THE DATA START

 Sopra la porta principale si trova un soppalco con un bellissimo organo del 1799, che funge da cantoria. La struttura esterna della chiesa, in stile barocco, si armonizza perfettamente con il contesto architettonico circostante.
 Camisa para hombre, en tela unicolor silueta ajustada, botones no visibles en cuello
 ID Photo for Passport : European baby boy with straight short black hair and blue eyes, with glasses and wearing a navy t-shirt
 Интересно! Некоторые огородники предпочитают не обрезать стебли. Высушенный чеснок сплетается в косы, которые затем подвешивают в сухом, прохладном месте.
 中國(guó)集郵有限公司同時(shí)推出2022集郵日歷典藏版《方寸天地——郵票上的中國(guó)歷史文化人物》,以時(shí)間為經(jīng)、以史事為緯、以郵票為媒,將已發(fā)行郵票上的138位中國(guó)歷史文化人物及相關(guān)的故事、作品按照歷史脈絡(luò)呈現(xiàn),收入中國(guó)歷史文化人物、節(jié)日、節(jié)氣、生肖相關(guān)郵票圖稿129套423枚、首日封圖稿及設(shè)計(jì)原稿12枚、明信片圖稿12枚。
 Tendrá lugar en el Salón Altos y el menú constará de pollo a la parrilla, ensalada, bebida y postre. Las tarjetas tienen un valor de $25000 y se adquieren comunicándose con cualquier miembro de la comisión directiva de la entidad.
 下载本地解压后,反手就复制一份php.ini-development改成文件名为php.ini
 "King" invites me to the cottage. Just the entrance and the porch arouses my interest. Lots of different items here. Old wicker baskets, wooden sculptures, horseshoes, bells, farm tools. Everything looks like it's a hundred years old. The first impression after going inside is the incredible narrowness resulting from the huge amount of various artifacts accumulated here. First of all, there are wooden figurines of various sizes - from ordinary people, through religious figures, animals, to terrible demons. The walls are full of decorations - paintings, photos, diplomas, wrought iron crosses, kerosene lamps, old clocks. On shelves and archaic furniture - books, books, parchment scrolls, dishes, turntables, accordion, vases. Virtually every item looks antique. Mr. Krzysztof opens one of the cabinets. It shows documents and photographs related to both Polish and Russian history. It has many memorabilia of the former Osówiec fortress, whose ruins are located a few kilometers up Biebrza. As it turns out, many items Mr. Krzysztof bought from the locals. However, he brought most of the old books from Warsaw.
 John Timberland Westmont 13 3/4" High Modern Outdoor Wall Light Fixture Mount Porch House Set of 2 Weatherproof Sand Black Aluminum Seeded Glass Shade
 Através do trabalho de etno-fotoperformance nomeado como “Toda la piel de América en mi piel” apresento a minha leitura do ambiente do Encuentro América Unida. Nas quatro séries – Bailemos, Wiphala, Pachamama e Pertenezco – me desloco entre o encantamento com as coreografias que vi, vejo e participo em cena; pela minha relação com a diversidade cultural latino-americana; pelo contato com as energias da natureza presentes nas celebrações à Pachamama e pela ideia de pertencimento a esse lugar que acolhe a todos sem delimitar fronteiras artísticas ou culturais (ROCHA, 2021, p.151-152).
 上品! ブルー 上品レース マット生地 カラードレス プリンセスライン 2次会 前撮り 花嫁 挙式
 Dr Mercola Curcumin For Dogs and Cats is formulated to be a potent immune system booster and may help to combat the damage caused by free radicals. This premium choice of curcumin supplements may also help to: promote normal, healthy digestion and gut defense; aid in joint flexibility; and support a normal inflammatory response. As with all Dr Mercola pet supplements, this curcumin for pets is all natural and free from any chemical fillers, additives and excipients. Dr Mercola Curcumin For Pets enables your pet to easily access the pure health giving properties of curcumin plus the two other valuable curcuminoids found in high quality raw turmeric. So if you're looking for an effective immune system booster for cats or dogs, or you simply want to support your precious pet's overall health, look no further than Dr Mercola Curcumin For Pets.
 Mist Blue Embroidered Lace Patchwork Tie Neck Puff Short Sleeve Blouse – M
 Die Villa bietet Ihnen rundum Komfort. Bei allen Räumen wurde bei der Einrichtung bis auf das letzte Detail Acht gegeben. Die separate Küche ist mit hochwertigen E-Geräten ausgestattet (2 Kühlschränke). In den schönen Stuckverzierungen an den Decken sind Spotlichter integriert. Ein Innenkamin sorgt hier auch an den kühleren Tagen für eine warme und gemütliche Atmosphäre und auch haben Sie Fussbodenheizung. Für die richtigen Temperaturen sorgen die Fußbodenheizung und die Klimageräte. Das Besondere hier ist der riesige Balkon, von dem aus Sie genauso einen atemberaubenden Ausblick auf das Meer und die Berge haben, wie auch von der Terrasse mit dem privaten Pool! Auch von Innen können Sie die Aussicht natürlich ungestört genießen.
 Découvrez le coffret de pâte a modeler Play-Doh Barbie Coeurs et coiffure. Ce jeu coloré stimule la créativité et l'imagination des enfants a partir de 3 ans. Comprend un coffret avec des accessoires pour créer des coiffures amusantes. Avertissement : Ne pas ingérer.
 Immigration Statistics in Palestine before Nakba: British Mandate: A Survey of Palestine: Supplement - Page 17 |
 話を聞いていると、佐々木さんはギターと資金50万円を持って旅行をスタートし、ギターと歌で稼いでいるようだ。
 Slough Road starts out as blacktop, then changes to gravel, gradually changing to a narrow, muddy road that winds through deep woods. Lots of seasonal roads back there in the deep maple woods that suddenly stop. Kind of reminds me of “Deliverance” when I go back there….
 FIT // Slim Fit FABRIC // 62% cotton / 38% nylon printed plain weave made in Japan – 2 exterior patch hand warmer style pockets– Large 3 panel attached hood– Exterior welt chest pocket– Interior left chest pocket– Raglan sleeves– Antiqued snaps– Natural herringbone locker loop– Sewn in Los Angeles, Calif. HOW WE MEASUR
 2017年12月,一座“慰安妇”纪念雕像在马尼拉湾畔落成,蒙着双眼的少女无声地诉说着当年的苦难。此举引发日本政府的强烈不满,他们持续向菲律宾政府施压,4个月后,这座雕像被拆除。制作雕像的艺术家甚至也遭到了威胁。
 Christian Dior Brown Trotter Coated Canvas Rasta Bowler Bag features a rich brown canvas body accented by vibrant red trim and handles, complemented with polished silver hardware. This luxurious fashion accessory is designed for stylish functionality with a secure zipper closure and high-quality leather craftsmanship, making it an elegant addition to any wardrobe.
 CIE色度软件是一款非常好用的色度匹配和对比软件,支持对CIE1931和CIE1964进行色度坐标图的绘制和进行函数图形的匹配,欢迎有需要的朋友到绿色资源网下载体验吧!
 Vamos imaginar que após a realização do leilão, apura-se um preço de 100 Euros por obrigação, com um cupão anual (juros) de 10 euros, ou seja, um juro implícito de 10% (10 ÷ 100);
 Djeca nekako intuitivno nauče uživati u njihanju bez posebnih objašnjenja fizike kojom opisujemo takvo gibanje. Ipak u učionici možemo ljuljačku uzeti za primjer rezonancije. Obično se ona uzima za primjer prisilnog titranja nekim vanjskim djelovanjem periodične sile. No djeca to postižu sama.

THE DATA END

TASK PROMPT — Find the line containing "Vamos imaginar que" in the data above. Please transcribe it and every line after it, exactly.

TASK RESULT —
 Vamos imaginar que após a realização do leilão, apura-se um preço de 100 Euros por obrigação, com um cupão anual (juros) de 10 euros, ou seja, um juro implícito de 10% (10 ÷ 100);
 Djeca nekako intuitivno nauče uživati u njihanju bez posebnih objašnjenja fizike kojom opisujemo takvo gibanje. Ipak u učionici možemo ljuljačku uzeti za primjer rezonancije. Obično se ona uzima za primjer prisilnog titranja nekim vanjskim djelovanjem periodične sile. No djeca to postižu sama.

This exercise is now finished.